Proliferative Vitreoretinopathy (PVR)— formerly named “massive vitreous retraction” and “massive periretinal proliferation” — describes the aberrant process whereby epi/subretinal membranes form following rhematogenous retinal detachment (RRD), ultimately leading to retinal traction and recurrent retinal detachment.   Intraretinal PVR is caused by glial tissue that is activated to proliferate within the retina and can cause retinal shortening. PVR arises in an estimated 5-10% of RRD cases, and therefore represents a major complication of retinal detachment.

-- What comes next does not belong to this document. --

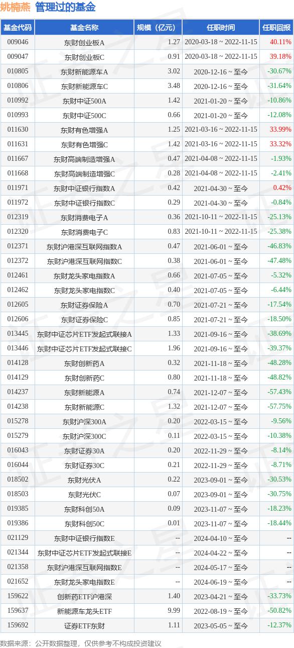 东财北证50A基金经理变更:增聘姚楠燕为基金经理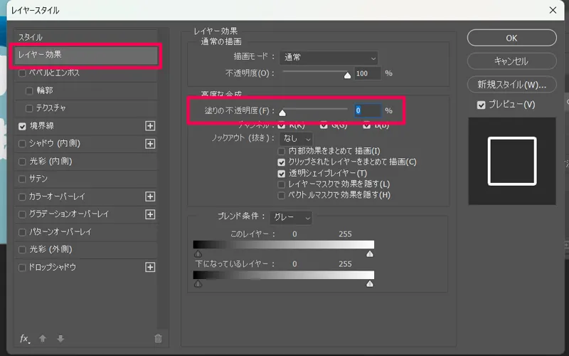 [ レイヤー効果 ] → [ 高度な合成 ] で [ 塗りの不透明度 ] を0%に設定します。

In general, PVR is comparable to an abnormal wound-healing process following tissue insult, more specifically, retinal detachment. Rhematogenous retinal detachment (RRD) serves as a nidus for membrane formation, in part through induction of ischemia and subsequent cell death that arises from separation of the neuroepithelium from its rich choroidal blood flow. Cell death triggers a break down in the blood-retinal barrier (BRB),  thereby facilitating the influx of chemotactic and mitogenic factors that permit cell proliferation, migration, extracellular matrix deposition and contraction. Similarly, the vitreous is suffused with growth factors and inflammatory mediators; thus, it serves as a milieu for cellular proliferation in the case of retinal detachment. Contractile membranes contain fibroblast-like cells in extracellular matrix that have characteristics of RPE and glial cells on the inner surface of the retina and mostly RPE cells on the outer (subretinal) surface of the retina.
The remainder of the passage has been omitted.